» **Your goal**:
Copy out the data word for word. The images are not part of the copy.

___ Extracted records ___

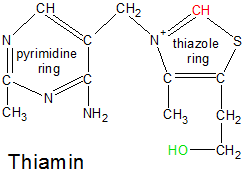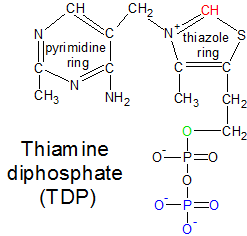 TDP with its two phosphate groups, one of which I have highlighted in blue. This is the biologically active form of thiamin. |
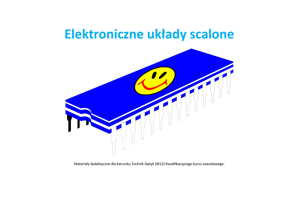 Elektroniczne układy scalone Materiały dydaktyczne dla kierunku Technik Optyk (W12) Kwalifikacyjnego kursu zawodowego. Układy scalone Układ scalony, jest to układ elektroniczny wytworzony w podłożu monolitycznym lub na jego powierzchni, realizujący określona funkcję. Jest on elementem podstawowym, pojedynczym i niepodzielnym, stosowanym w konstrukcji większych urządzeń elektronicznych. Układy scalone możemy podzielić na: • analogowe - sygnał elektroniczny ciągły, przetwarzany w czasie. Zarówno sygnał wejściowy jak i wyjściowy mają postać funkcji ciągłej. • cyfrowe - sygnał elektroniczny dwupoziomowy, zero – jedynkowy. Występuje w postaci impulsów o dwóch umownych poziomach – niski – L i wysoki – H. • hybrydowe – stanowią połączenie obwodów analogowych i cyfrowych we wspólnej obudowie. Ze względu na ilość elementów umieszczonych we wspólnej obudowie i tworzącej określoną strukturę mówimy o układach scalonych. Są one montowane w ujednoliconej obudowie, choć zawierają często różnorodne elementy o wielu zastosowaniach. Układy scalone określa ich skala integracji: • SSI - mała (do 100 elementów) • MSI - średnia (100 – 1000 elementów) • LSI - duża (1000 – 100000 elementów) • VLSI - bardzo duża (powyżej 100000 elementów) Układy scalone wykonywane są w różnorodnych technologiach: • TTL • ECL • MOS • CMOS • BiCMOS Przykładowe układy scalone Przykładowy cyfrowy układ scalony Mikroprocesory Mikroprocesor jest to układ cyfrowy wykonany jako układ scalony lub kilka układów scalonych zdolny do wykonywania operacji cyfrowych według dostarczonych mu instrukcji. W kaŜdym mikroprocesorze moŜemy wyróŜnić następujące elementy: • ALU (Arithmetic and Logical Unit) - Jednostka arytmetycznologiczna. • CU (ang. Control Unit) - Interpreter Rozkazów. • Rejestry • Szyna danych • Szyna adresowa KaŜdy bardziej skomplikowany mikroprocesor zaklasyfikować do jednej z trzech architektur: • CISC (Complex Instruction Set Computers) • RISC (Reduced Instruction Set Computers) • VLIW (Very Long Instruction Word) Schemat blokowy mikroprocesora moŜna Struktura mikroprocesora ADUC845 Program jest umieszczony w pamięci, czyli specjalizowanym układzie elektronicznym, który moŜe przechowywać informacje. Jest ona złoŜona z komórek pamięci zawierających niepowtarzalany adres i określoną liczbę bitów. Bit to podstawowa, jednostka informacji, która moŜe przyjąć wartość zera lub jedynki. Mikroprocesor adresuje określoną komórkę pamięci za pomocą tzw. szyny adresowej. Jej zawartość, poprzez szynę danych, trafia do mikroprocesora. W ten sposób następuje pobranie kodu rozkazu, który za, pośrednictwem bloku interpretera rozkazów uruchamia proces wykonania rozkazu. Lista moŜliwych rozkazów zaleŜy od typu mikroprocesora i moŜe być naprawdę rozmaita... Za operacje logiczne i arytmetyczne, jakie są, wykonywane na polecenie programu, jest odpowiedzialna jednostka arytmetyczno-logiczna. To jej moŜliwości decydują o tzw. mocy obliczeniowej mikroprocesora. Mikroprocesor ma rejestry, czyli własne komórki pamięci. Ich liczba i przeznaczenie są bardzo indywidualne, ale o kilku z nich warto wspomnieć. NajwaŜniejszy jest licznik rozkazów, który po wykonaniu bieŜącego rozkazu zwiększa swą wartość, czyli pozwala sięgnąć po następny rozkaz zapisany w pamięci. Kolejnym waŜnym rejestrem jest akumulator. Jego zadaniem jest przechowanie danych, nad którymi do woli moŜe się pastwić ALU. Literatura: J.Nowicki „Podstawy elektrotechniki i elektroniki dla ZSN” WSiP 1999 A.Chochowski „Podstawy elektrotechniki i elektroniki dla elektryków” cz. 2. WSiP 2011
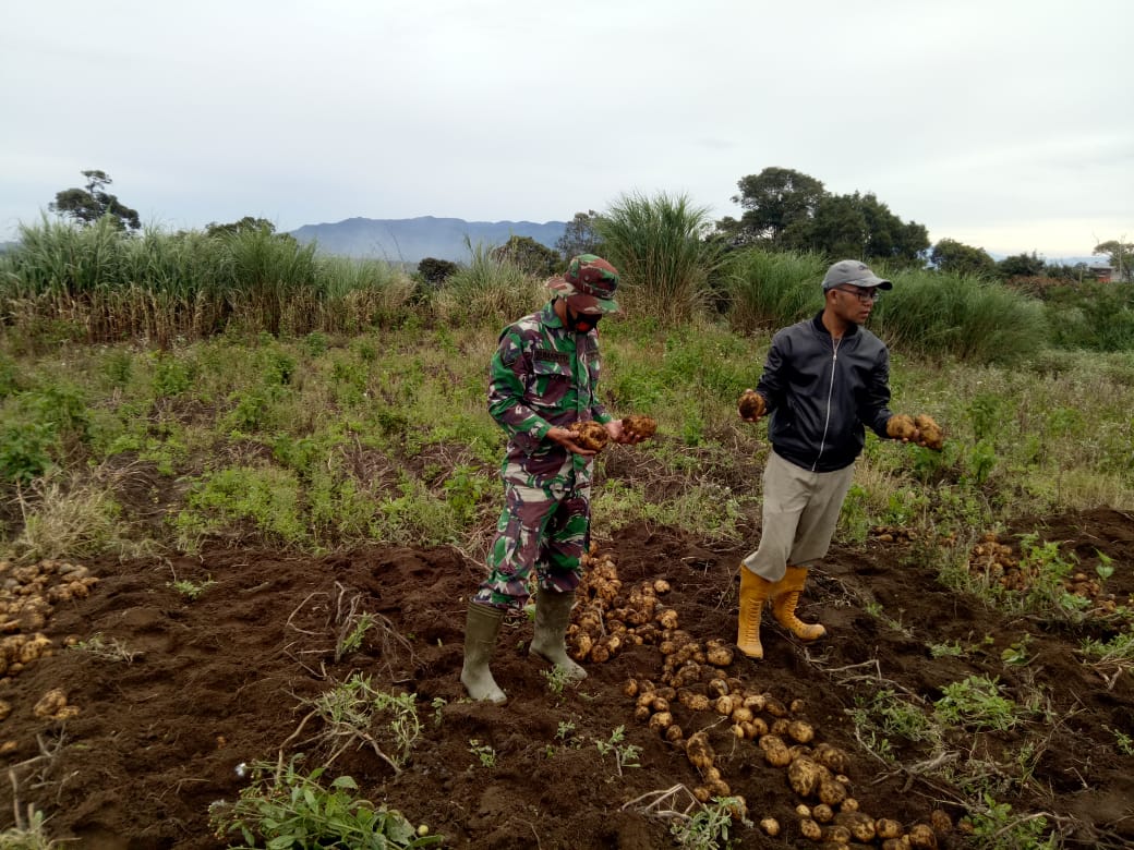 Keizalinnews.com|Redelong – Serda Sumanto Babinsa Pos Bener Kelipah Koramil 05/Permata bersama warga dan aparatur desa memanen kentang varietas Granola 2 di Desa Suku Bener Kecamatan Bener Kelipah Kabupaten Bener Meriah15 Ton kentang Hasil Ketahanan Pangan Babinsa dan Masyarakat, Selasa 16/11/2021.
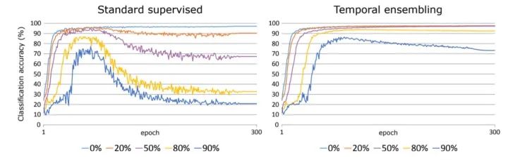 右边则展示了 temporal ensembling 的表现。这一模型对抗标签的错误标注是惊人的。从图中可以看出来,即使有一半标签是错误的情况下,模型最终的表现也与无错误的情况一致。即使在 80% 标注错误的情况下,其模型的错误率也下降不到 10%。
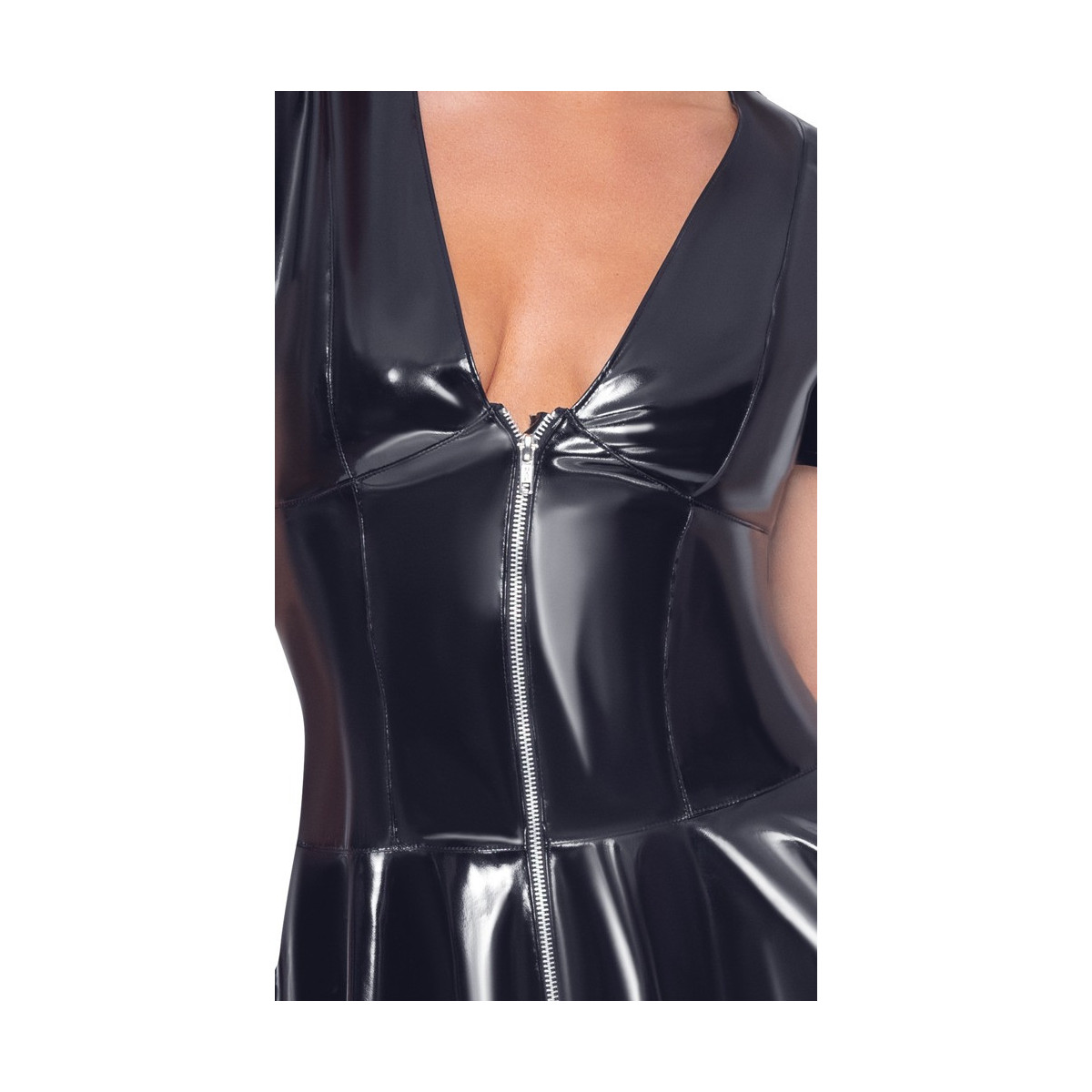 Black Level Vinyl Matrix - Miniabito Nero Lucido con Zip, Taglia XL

___

» **Problem solution**:
 TDP with its two phosphate groups, one of which I have highlighted in blue. This is the biologically active form of thiamin. |
 Elektroniczne układy scalone Materiały dydaktyczne dla kierunku Technik Optyk (W12) Kwalifikacyjnego kursu zawodowego. Układy scalone Układ scalony, jest to układ elektroniczny wytworzony w podłożu monolitycznym lub na jego powierzchni, realizujący określona funkcję. Jest on elementem podstawowym, pojedynczym i niepodzielnym, stosowanym w konstrukcji większych urządzeń elektronicznych. Układy scalone możemy podzielić na: • analogowe - sygnał elektroniczny ciągły, przetwarzany w czasie. Zarówno sygnał wejściowy jak i wyjściowy mają postać funkcji ciągłej. • cyfrowe - sygnał elektroniczny dwupoziomowy, zero – jedynkowy. Występuje w postaci impulsów o dwóch umownych poziomach – niski – L i wysoki – H. • hybrydowe – stanowią połączenie obwodów analogowych i cyfrowych we wspólnej obudowie. Ze względu na ilość elementów umieszczonych we wspólnej obudowie i tworzącej określoną strukturę mówimy o układach scalonych. Są one montowane w ujednoliconej obudowie, choć zawierają często różnorodne elementy o wielu zastosowaniach. Układy scalone określa ich skala integracji: • SSI - mała (do 100 elementów) • MSI - średnia (100 – 1000 elementów) • LSI - duża (1000 – 100000 elementów) • VLSI - bardzo duża (powyżej 100000 elementów) Układy scalone wykonywane są w różnorodnych technologiach: • TTL • ECL • MOS • CMOS • BiCMOS Przykładowe układy scalone Przykładowy cyfrowy układ scalony Mikroprocesory Mikroprocesor jest to układ cyfrowy wykonany jako układ scalony lub kilka układów scalonych zdolny do wykonywania operacji cyfrowych według dostarczonych mu instrukcji. W kaŜdym mikroprocesorze moŜemy wyróŜnić następujące elementy: • ALU (Arithmetic and Logical Unit) - Jednostka arytmetycznologiczna. • CU (ang. Control Unit) - Interpreter Rozkazów. • Rejestry • Szyna danych • Szyna adresowa KaŜdy bardziej skomplikowany mikroprocesor zaklasyfikować do jednej z trzech architektur: • CISC (Complex Instruction Set Computers) • RISC (Reduced Instruction Set Computers) • VLIW (Very Long Instruction Word) Schemat blokowy mikroprocesora moŜna Struktura mikroprocesora ADUC845 Program jest umieszczony w pamięci, czyli specjalizowanym układzie elektronicznym, który moŜe przechowywać informacje. Jest ona złoŜona z komórek pamięci zawierających niepowtarzalany adres i określoną liczbę bitów. Bit to podstawowa, jednostka informacji, która moŜe przyjąć wartość zera lub jedynki. Mikroprocesor adresuje określoną komórkę pamięci za pomocą tzw. szyny adresowej. Jej zawartość, poprzez szynę danych, trafia do mikroprocesora. W ten sposób następuje pobranie kodu rozkazu, który za, pośrednictwem bloku interpretera rozkazów uruchamia proces wykonania rozkazu. Lista moŜliwych rozkazów zaleŜy od typu mikroprocesora i moŜe być naprawdę rozmaita... Za operacje logiczne i arytmetyczne, jakie są, wykonywane na polecenie programu, jest odpowiedzialna jednostka arytmetyczno-logiczna. To jej moŜliwości decydują o tzw. mocy obliczeniowej mikroprocesora. Mikroprocesor ma rejestry, czyli własne komórki pamięci. Ich liczba i przeznaczenie są bardzo indywidualne, ale o kilku z nich warto wspomnieć. NajwaŜniejszy jest licznik rozkazów, który po wykonaniu bieŜącego rozkazu zwiększa swą wartość, czyli pozwala sięgnąć po następny rozkaz zapisany w pamięci. Kolejnym waŜnym rejestrem jest akumulator. Jego zadaniem jest przechowanie danych, nad którymi do woli moŜe się pastwić ALU. Literatura: J.Nowicki „Podstawy elektrotechniki i elektroniki dla ZSN” WSiP 1999 A.Chochowski „Podstawy elektrotechniki i elektroniki dla elektryków” cz. 2. WSiP 2011
 Keizalinnews.com|Redelong – Serda Sumanto Babinsa Pos Bener Kelipah Koramil 05/Permata bersama warga dan aparatur desa memanen kentang varietas Granola 2 di Desa Suku Bener Kecamatan Bener Kelipah Kabupaten Bener Meriah15 Ton kentang Hasil Ketahanan Pangan Babinsa dan Masyarakat, Selasa 16/11/2021.
 右边则展示了 temporal ensembling 的表现。这一模型对抗标签的错误标注是惊人的。从图中可以看出来,即使有一半标签是错误的情况下,模型最终的表现也与无错误的情况一致。即使在 80% 标注错误的情况下,其模型的错误率也下降不到 10%。
 Black Level Vinyl Matrix - Miniabito Nero Lucido con Zip, Taglia XL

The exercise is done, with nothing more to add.